Each line below from the "ただし、ツメは枠に触れてしま" line through the "This game comes" line, those two included, must be restated word for word; the pictures must not be.

▸ **DATASET ENTRIES**:
◇ ◇ ◇ ◇ ◇ ◇ ◇

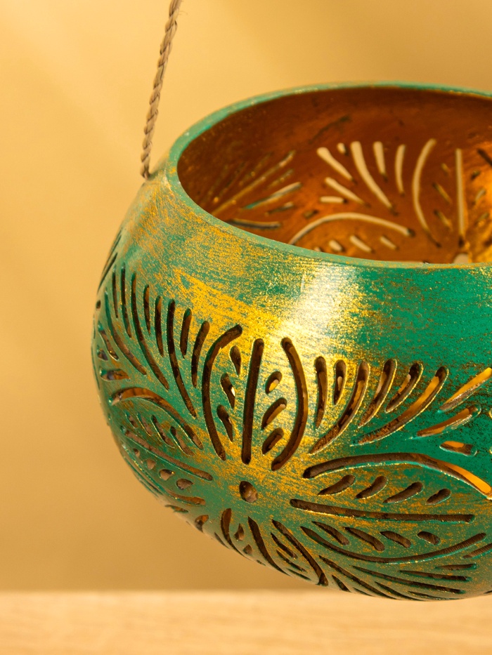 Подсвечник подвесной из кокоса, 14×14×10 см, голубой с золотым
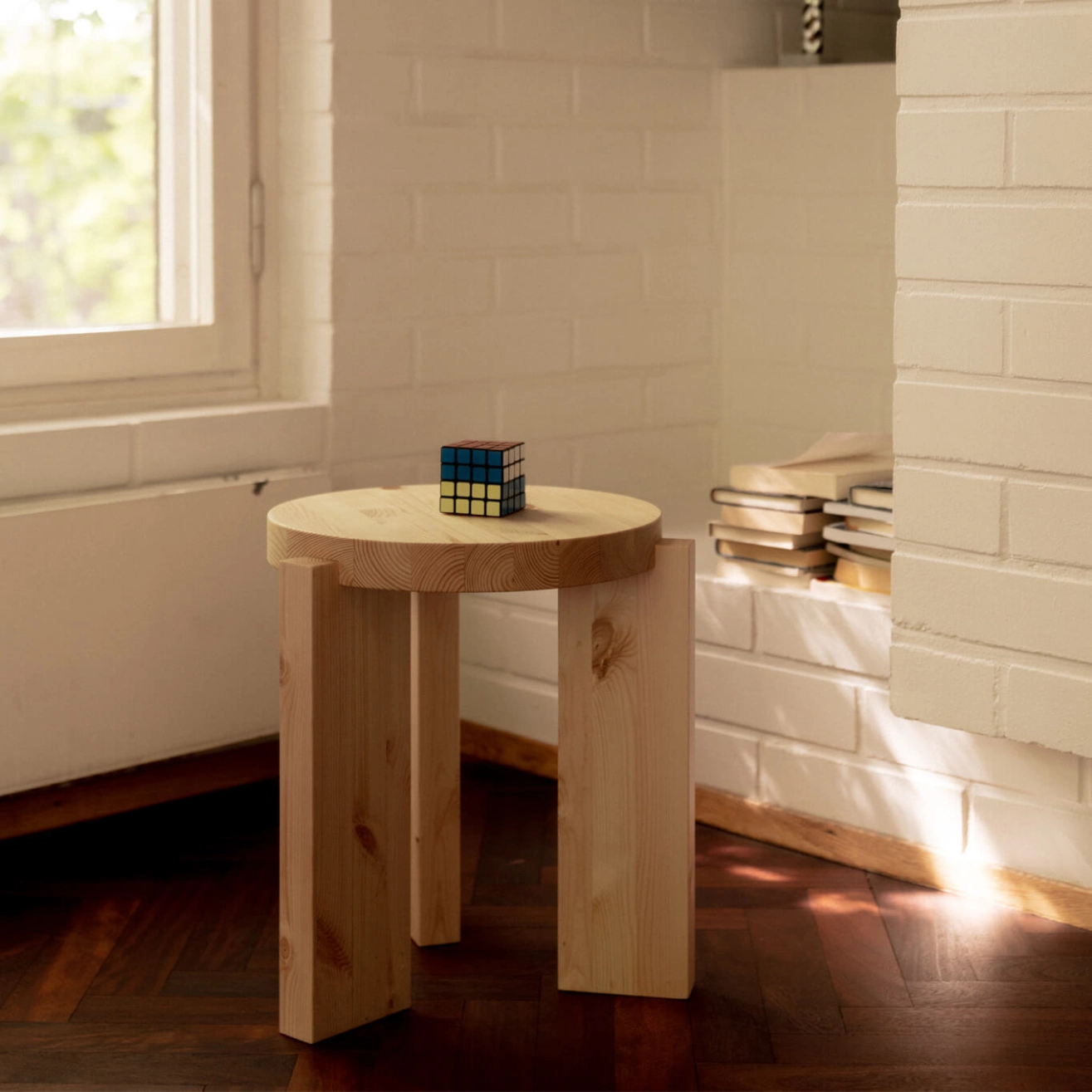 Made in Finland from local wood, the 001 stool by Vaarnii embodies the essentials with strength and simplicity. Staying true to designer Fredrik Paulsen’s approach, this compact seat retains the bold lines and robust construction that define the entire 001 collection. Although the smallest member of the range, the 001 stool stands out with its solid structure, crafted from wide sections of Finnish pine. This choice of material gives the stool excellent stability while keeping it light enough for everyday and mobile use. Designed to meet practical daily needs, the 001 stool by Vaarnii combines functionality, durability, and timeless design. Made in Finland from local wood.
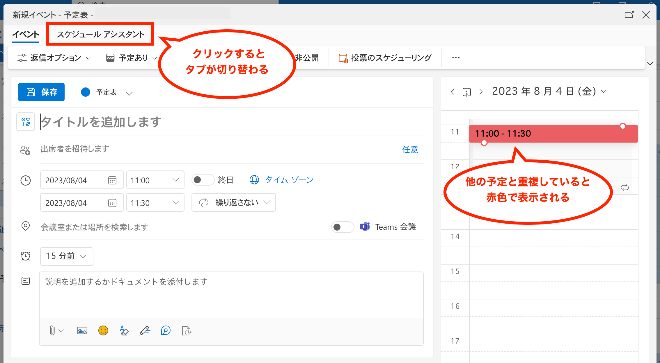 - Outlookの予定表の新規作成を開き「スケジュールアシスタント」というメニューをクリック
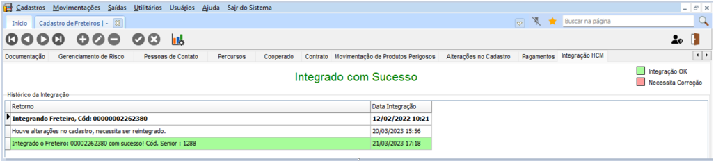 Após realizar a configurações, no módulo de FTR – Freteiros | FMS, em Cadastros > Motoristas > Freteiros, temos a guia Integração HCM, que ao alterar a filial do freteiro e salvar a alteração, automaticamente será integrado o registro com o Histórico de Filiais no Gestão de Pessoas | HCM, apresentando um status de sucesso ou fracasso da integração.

◇ ◇ ◇ ◇ ◇ ◇ ◇

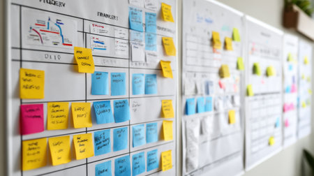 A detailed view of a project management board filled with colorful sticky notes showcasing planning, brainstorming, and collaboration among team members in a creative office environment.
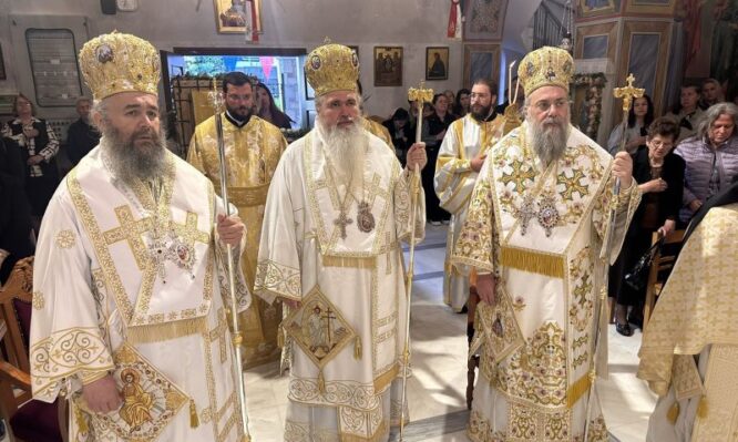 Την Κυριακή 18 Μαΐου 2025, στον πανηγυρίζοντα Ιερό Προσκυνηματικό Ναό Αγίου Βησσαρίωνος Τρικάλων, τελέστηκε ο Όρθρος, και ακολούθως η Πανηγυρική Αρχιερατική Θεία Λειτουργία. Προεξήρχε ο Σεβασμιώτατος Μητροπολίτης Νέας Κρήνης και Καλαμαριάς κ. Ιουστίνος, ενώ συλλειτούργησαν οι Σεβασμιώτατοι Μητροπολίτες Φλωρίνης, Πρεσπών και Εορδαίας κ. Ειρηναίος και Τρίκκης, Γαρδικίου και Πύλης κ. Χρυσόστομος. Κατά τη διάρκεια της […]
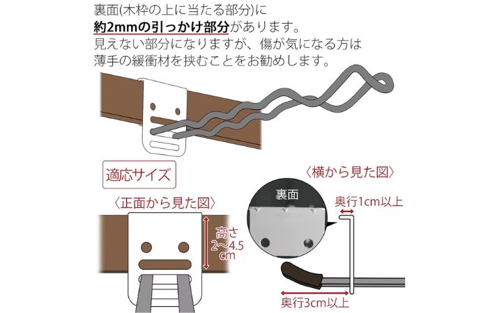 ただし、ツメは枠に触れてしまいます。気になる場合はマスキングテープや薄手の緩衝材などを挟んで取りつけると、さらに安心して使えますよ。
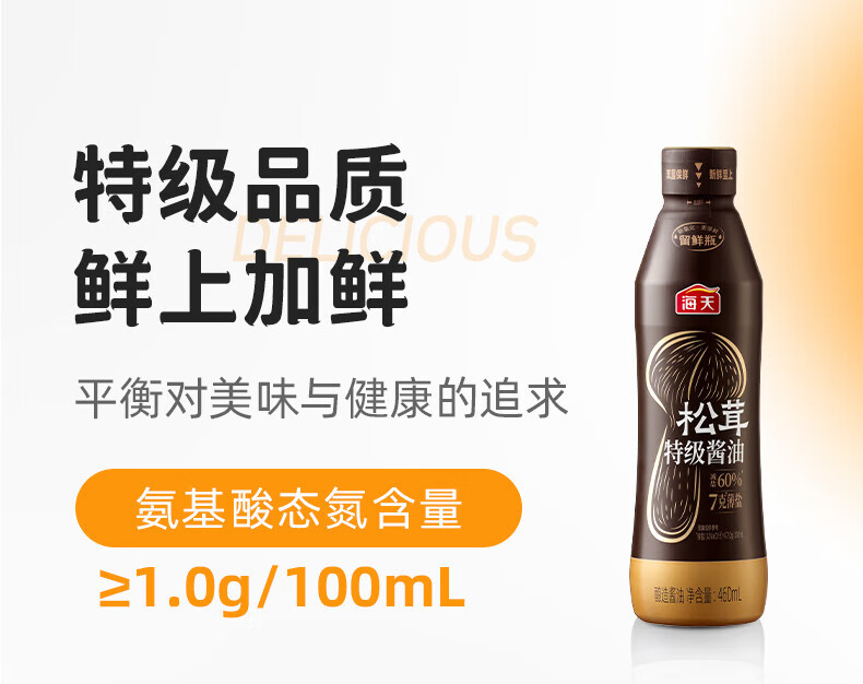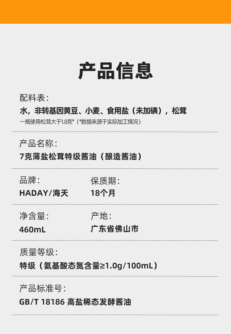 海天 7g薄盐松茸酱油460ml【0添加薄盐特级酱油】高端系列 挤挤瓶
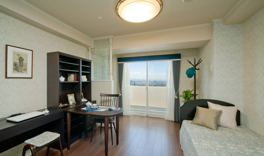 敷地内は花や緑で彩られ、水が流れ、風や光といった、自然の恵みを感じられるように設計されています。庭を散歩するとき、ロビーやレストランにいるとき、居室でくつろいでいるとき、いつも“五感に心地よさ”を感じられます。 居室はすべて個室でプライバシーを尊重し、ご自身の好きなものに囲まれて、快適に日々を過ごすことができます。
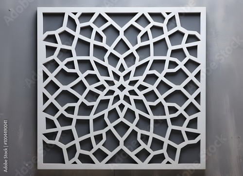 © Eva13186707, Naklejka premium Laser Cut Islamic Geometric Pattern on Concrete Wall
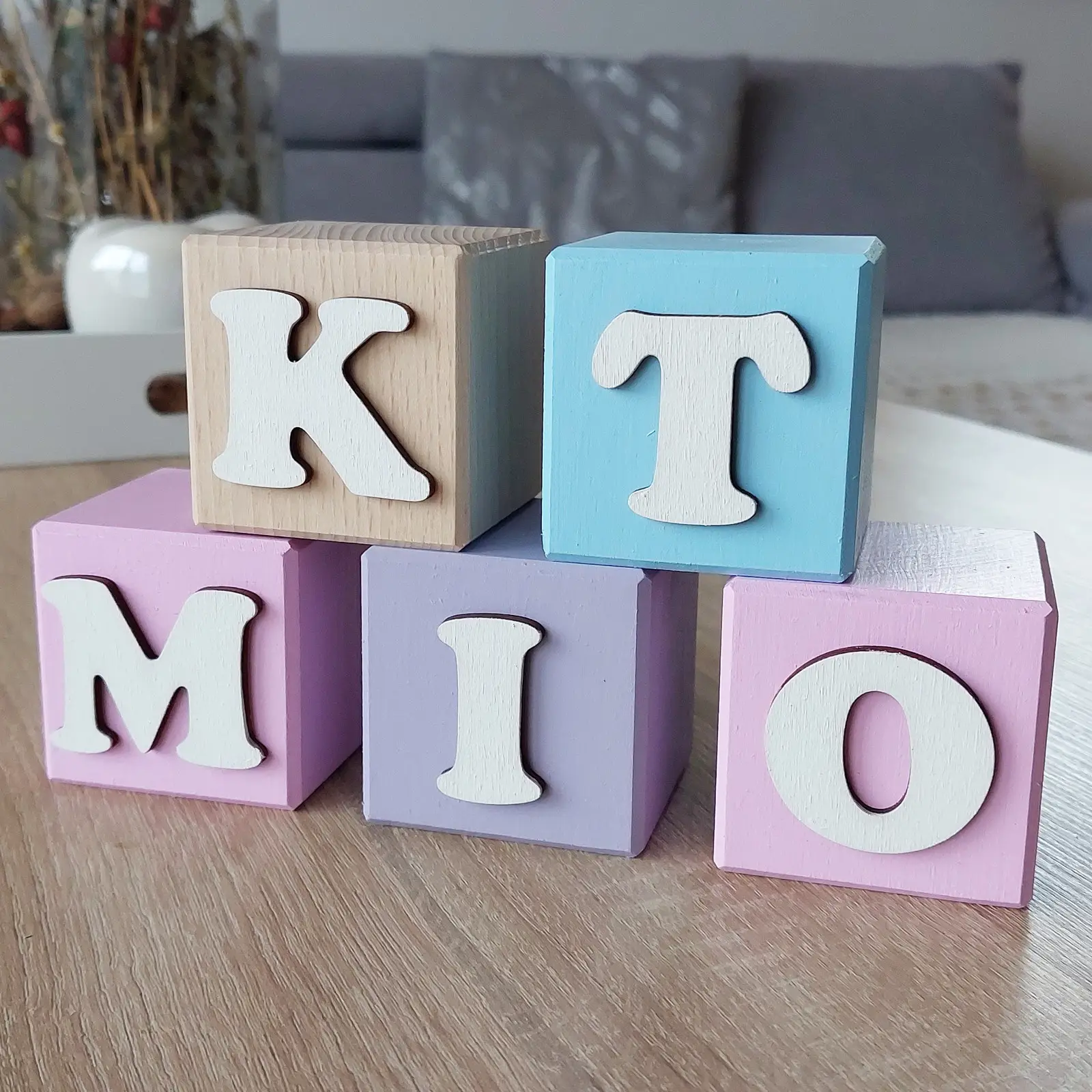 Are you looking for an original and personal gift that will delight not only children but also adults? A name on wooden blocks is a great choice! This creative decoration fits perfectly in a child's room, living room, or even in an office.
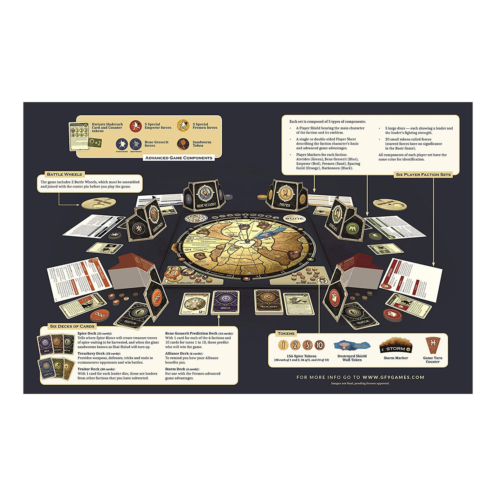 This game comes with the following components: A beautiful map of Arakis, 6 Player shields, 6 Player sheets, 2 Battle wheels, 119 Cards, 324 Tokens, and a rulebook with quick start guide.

◇ ◇ ◇ ◇ ◇ ◇ ◇

▸ **SOLUTION TO THE PROBLEM**:
 ただし、ツメは枠に触れてしまいます。気になる場合はマスキングテープや薄手の緩衝材などを挟んで取りつけると、さらに安心して使えますよ。
 海天 7g薄盐松茸酱油460ml【0添加薄盐特级酱油】高端系列 挤挤瓶
 敷地内は花や緑で彩られ、水が流れ、風や光といった、自然の恵みを感じられるように設計されています。庭を散歩するとき、ロビーやレストランにいるとき、居室でくつろいでいるとき、いつも“五感に心地よさ”を感じられます。 居室はすべて個室でプライバシーを尊重し、ご自身の好きなものに囲まれて、快適に日々を過ごすことができます。
 © Eva13186707, Naklejka premium Laser Cut Islamic Geometric Pattern on Concrete Wall
 Are you looking for an original and personal gift that will delight not only children but also adults? A name on wooden blocks is a great choice! This creative decoration fits perfectly in a child's room, living room, or even in an office.
 This game comes with the following components: A beautiful map of Arakis, 6 Player shields, 6 Player sheets, 2 Battle wheels, 119 Cards, 324 Tokens, and a rulebook with quick start guide.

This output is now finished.